The coal works were in Salem Township but the 50 houses were in Hempfield. Thus, the bulk of the taxes went to Salem while Hempfield had to serve the populace with schools and other services.

To ease the problem, the coal company provided rooms for school use and the coal to heat them, leaving the township only to provide the teacher. The site of the village was historic in that the British and Indians, with their prisoners, camped in the vicinity after the burning of Hanna’s Town and Miller’s Station in July 1782. They then fled toward the Kiskiminetas River before dawn.

In January 1902, a Fayette County newspaper carried this brief item: “Lt. George C. Marshall Jr. of Uniontown is assigned to the 30th U.S. Infantry, which will shortly sail for the Philippines. He is the son of George C. Marshall of Uniontown.”

The father was a Union officer in the Civil War. And that was the beginning of a career during which George Jr. rose to the post of World War II chief of staff of the U.S. Army and later served as the U.S. Secretary of State and Defense.

Burrell Township in Armstrong County, like its namesakes in Indiana and Westmoreland, was named for Judge Jeremiah Murry Burrell, who was on the bench at the time all three were organized in 1855, after earlier attempts to form Washington and Knox townships in the same general area had failed.
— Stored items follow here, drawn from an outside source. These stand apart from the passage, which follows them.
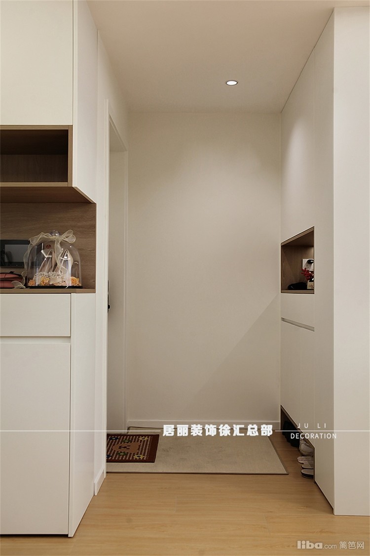 一进门设置了鞋柜,中间镂空可以放置钥匙等随手物品,最下面镂空方便进家后不打开柜门就可以把鞋子塞进去,并且设置了感应灯,手一挥灯光就自动亮了。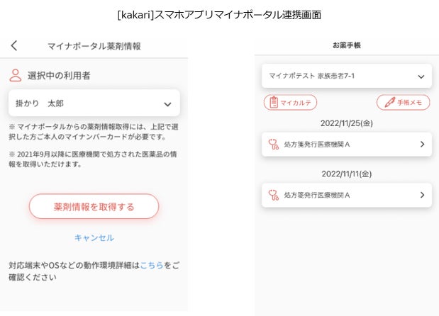 これにより、取得した薬剤・調剤情報を「kakari」のスマホアプリ内のお薬手帳にマイナポータルより自動的に取得することができるようになります。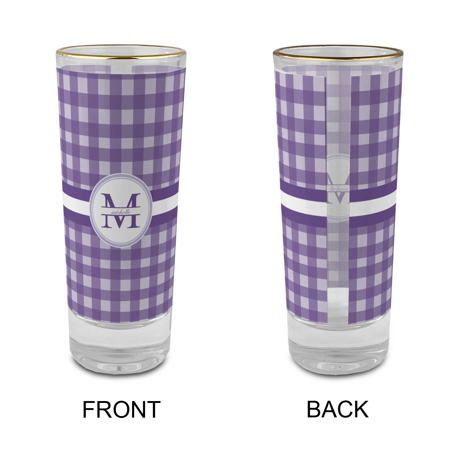 These glass shooter glasses are printed in full color with the design of your choice. These are a tall shooter 2 oz size and stand 4" tall. The print is a full wrap design to boldly display your personalization.
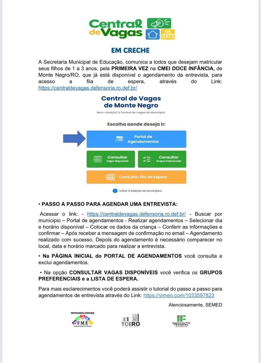 A Central de Vagas em Creche é um sistema digital e presencial, implantado por Prefeituras e Secretarias Municipais de Educação em Rondônia, com o apoio do Tribunal de Contas do Estado de Rondônia (TCE-RO), da Defensoria Pública do Estado (DPE-RO) e desenvolvido pelo Instituto Federal de Rondônia (IFRO).
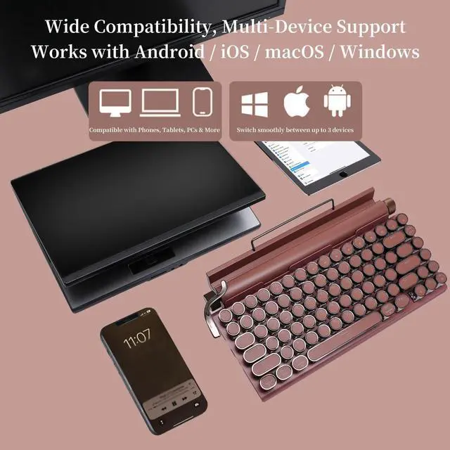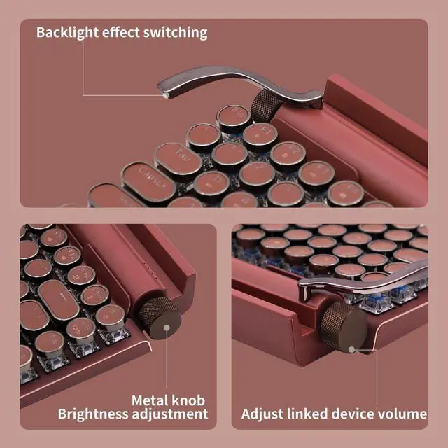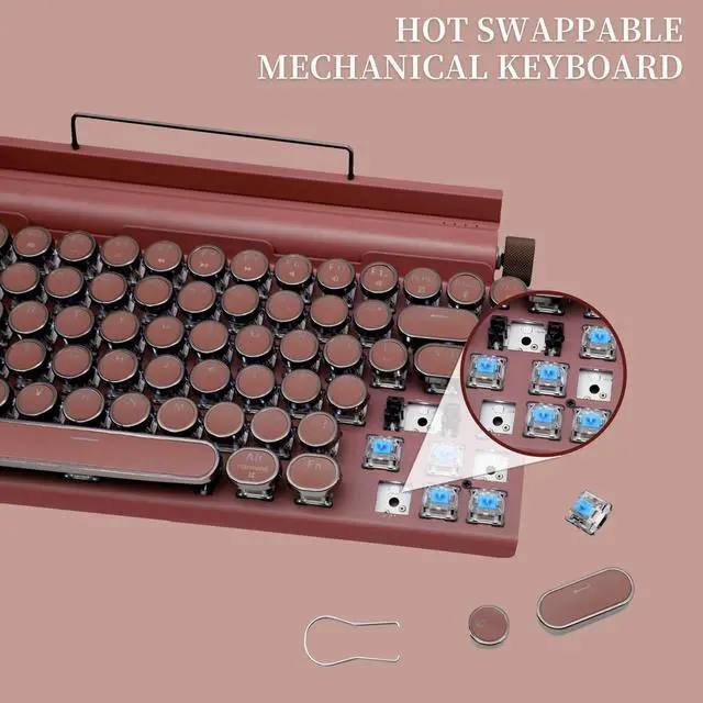 Featuring classic punk-inspired keycaps handcrafted from two assembled parts, this keyboard showcases a stylish mint green aluminum panel that adds a fresh, fashionable touch to the vintage typewriter design. With Bluetooth 5.0, it offers faster and more stable connections, supporting both wired and wireless modes, and allows easy switching between phones, tablets, and laptops. The hot-swappable blue mechanical switches provide a customizable, tactile typing experience. Delicate and charming, the mint green color is perfect for those who love stylish and compact accessoriesmaking it an ideal gift for trendy and thoughtful users

Early industries in the township area were powder mills operated by George Beck, which had an excellent reputation over a wide area; and John Shaeffer, the plow manufacturing of Frederick Altman; and the salt works of Christopher Hoover and Michael Townsend.

The industrial development of the Monongahela Valley around 1900 was an event of great significance in other places as well. Long-established businessmen in central Westmoreland recognized this rapid industrial growth as a great commercial opportunity and a group from Greensburg took a trip to Donora to appraise the situation there.
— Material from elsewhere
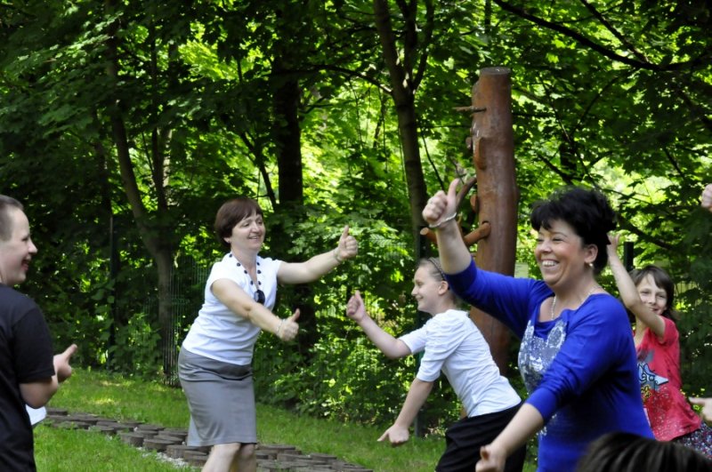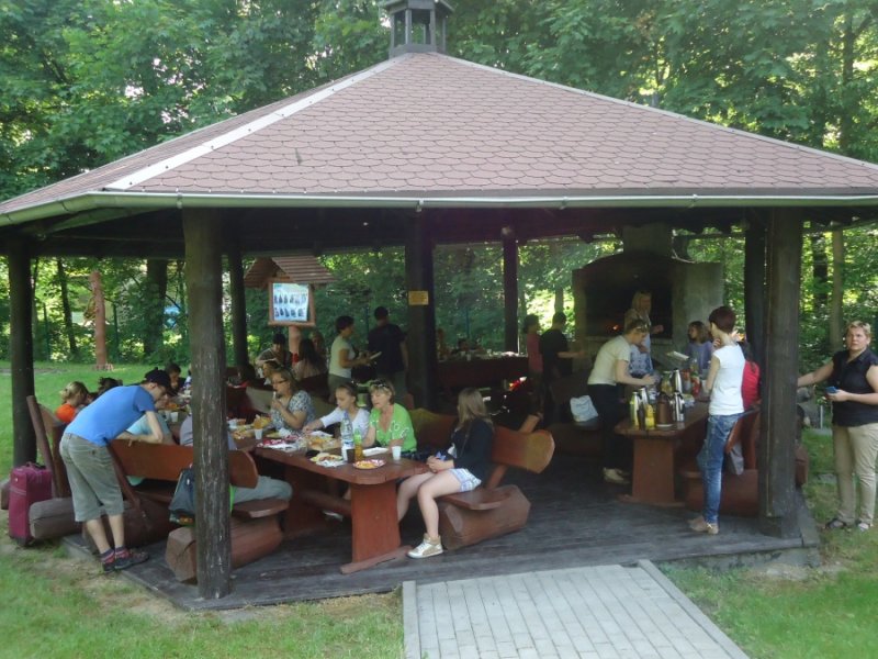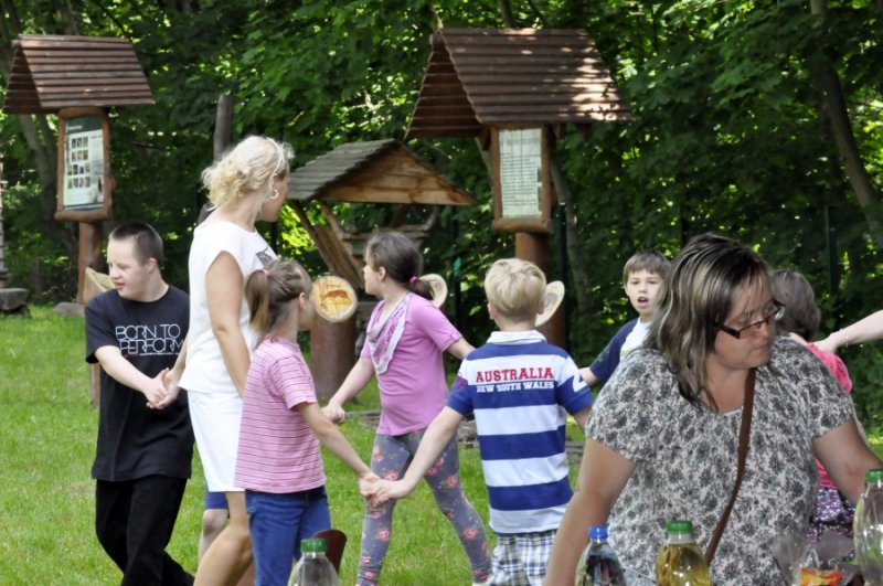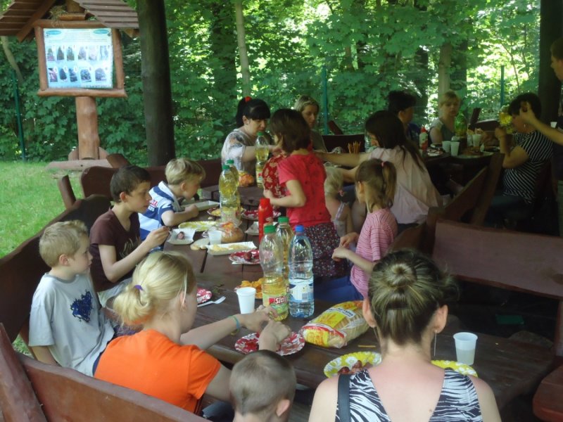 Nie zabrakło również wspólnych elementów tanecznych.W międzyczasie pojawiła się kiełbaska z grilla, chłodne i gorące napoje, a także słodycze. Zrobiliśmy sobie również wspólne pamiątkowe zdjęcie.Wpisaliśmy się także do pamiątkowej księgi Nadleśnictwa. Dzień był bezchmurny i słoneczny. Wszystkim dopisywały humory. Sponsorem naszej uroczystości było nasze Stowarzyszenie „Odnaleźć siebie”, które przekazało nam na ten cel środki finansowe.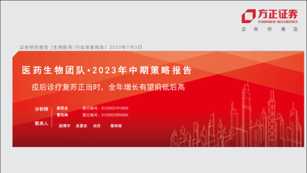 【方正证券】【20230703】生物医药行业2023中期策略报告:疫后诊疗复苏正当时,全年增长有望前低后高-67页

Donora was hailed as “the new Mecca” in a headline in the Greensburg Daily Tribune in August 1900, and the paper noted that the city had “sprung up so rapidly that a tramp going to sleep in a vacant lot awakes in the morning to find ten homes built over him.”

Of Charleroi, the paper said, “the McKean meadows are teeming with a population that is sending forth its products of manufacture to every sector of the globe.” And “Monessen is no longer an experiment but a reality.”

Also around 1900, one George Pollins of Greensburg had an unexpected experience of a summer evening. One Friday, he “hired a fine driving horse and rubber-tired runabout” at a local livery stable “for the purpose of driving near Mt. Pleasant to call upon a young lady.”

About 10:30 p.m. he “went to the porch to get his macintosh buggy robe” in preparation for his homeward trip. A person who couldn’t be seen in the darkness cut the rope with which his horse was tied , jumped into the buggy and headed rapidly for Greensburg.

The horse and buggy were found unharmed Saturday night at a fallen tree on a farm six miles south of Greensburg. A person in that neighborhood was suspected of having taken the rig to get home. History fails to record how Pollins got home.